On 11/09/2015 09:22 PM, Arun Khan wrote:> You can use "newer" options of the find command and pass the file list > to rsync or scp to "backup" only those files that have changed since > the last run. You can keep a file like .lastbackup and timestamp it > (touch) at the start of the backup process. Next backup you compare > the current timestamp with the timestamp on this file.Absolutely none of that is necessary with rsync, and the process you described is likely to miss files that are modified while "find" runs. If you're going to use rsync to make backups, just use a frontend like rsnapshot or backuppc.

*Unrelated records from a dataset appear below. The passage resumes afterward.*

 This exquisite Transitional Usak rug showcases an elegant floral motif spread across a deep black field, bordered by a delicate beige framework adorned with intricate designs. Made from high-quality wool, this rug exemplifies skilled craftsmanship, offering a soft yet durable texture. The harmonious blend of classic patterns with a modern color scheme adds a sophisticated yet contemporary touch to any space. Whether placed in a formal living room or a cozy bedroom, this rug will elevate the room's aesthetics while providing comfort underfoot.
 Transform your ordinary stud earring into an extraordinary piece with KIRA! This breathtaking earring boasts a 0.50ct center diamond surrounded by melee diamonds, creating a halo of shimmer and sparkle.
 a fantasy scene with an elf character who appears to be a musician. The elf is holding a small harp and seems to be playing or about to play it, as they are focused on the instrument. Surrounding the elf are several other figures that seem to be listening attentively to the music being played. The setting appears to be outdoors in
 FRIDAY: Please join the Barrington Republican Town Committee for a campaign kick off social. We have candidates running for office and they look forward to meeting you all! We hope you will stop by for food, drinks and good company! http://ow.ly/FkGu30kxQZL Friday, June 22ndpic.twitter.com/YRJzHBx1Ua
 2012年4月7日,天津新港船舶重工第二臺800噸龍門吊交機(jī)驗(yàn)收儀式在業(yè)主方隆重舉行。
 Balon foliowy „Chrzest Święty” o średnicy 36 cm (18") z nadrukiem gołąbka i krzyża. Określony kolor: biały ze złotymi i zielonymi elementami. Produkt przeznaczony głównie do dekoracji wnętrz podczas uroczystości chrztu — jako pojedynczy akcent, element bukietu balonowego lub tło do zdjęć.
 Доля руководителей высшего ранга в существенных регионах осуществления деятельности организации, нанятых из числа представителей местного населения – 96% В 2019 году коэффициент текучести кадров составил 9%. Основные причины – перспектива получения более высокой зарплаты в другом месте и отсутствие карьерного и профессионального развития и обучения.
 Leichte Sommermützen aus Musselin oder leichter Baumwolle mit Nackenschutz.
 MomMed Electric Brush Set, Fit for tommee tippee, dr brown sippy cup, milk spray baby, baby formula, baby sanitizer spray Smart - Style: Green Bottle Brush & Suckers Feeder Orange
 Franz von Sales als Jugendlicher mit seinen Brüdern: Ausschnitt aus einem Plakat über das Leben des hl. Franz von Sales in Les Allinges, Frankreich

On Nov 10, 2015, at 8:46 AM, Gordon Messmer <gordon.messmer at gmail.com> wrote:> > On 11/09/2015 09:22 PM, Arun Khan wrote: >> You can use "newer" options of the find command and pass the file list > > the process you described is likely to miss files that are modified while "find" runs.Well, be fair, rsync can also miss files if files are changing while the backup occurs. Once rsync has passed through a given section of the tree, it will not see any subsequent changes. If you need guaranteed-complete filesystem-level snapshots, you need to be using something at the kernel level that can atomically collect the set of modified blocks/files, rather than something that crawls the tree in user space. On the BSD Now podcast, they recently told a war story about moving one of the main FreeBSD servers to a new data center. rsync was taking 21 hours in back-to-back runs purely due to the amount of files on that server, which gave plenty of time for files to change since the last run. Solution? ZFS send: http://128bitstudios.com/2010/07/23/fun-with-zfs-send-and-receive/
On 11/10/2015 12:16 PM, Warren Young wrote:> > Well, be fair, rsync can also miss files if files are changing while the backup occurs. Once rsync has passed through a given section of the tree, it will not see any subsequent changes.I think you miss my meaning. Consider this sequence of events: * "find" begins and processes dirA and then dirB * another application writes files in dirA * "find" completes * a new timestamp file is written Now, the new file in dirA wasn't seen by find during this run, and it won't be seen on the next run either. That's what I mean by missed. Not temporarily missed, but permanently. That file won't ever be backed up in this very na?ve process. There's no benefit to the process, either. rsync can efficiently examine and synchronize filesystems without using find. And while it may miss files that are written while it's running, it *will* get them on the next run, unlike using "find".> If you need guaranteed-complete filesystem-level snapshots, you need to be using something at the kernel level that can atomically collect the set of modified blocks/files, rather than something that crawls the tree in user space.Generally, I agree with you. In fact: https://bitbucket.org/gordonmessmer/dragonsdawn-snapshot https://github.com/rsnapshot/rsnapshot/pull/44 Doing block-level differentials is nice, if you're using ZFS. But not everyone wants to run ZFS on Linux. I do think that backing up snapshots is important, though.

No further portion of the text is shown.